This invention relates to clock receiver circuits for receiving system clock signals on an integrated circuit chip. The invention encompasses both a differential amplifier circuit used in a clock receiver arrangement and a method for receiving system clock signals.
Integrated circuit systems utilize very sophisticated clock signals for operating and synchronizing the various components of the system. Clock signals are generated by a system clock and distributed to the various chips associated with the system. Each chip which receives the system clock signals utilizes the signals to produce an internal or on-chip clock signal which is then distributed within the chip.
Ideally, the clock signal at any point in the system should provide an identical reference signal. However, due to the complexity and size of integrated circuit systems, various delays appear in the system between clock signals at various points in the system. This difference between the clock signals at various points in the system may be referred to as skew or clock error and directly penalizes the cycle time of the system.
One source of clock skew or error arises in the arrangement for receiving system clock signals on chips included in the system. The system clock signals, which comprise two complementary or differential clock signals, are received on the chip by a clock receiver circuit which converts the differential system clock signals to a single-ended clock signal. The single-ended clock signal from the clock receiver circuit is applied to one input of a phase-lock loop circuit. The output of the phase-lock loop circuit is distributed to the various components on the chip through a clock distribution arrangement or network. The signal from the clock distribution arrangement is fed back and applied as the second input of the phase-lock loop circuit. The phase-lock loop circuit is used in the receiving arrangement to ensure that the distributed on-chip clock signal at the clock distribution arrangement is frequency-aligned and phase-aligned with the system clock signals.

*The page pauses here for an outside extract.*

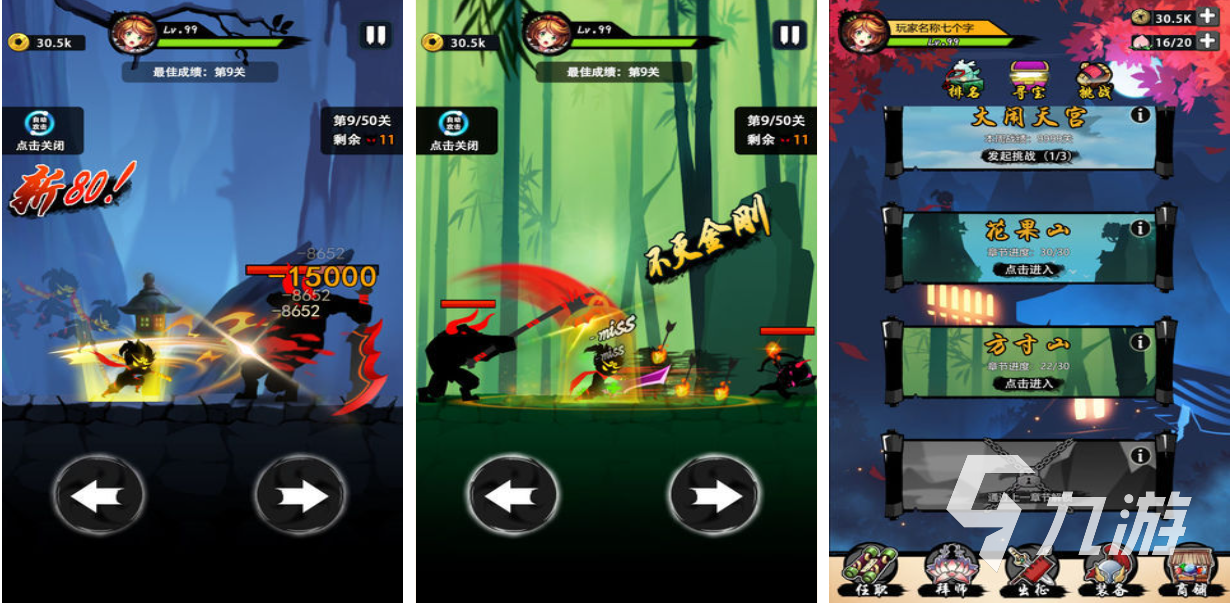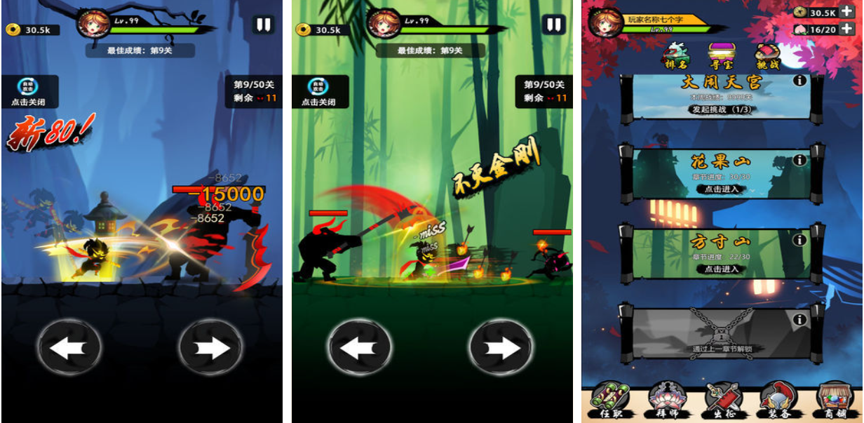 悟空快打是呈現(xiàn)出黑白背景火柴人風(fēng)格的動(dòng)作游戲,本作中的西游記角色都展現(xiàn)出火柴人的造型個(gè)性鮮明,而且操作也是所有西游記游戲中最簡(jiǎn)單的,只需左右控制角色移動(dòng)就可以接近敵人自由戰(zhàn)斗,游戲模式眾多又有著階段式強(qiáng)化設(shè)定,源源不斷的強(qiáng)化冒險(xiǎn)任務(wù)幫助悟空變得更強(qiáng),滿屏張弛有度的黑白背景無疑令觀賞性大幅增加,激情四射的打擊效果也是悟空手游粉絲需求的。

The problem in this system clock receiver arrangement is the difference in the delay between the system clock and the phase-lock loop circuit as compared to the delay introduced in the phase-lock loop feedback path from the on-chip clock distribution arrangement. The receiver circuit introduces a certain delay between the system signals and the signals fed as the first input to the phase-lock loop circuit. In order to reduce skew, there should be an identical delay in the feedback loop of the phase-lock loop circuit. However, it has heretofore proven difficult to accurately produce a delay in the phase-lock loop feedback path which is consistently equal to the delay introduced by the clock receiver circuit. One reason for this is that the differential to single-ended signal conversion required by the clock receiver circuit is not a function required in the feedback path. Various circuit elements may be added to the feedback loop to introduce a delay which is intended to correspond to the delay introduced in the clock receiver circuit. However, these introduced elements behave differently than the elements of the clock receiver circuit under various conditions, and thus the delay introduced by these introduced circuit elements in the feedback loop commonly varies from the delay introduced by the clock receiver circuit.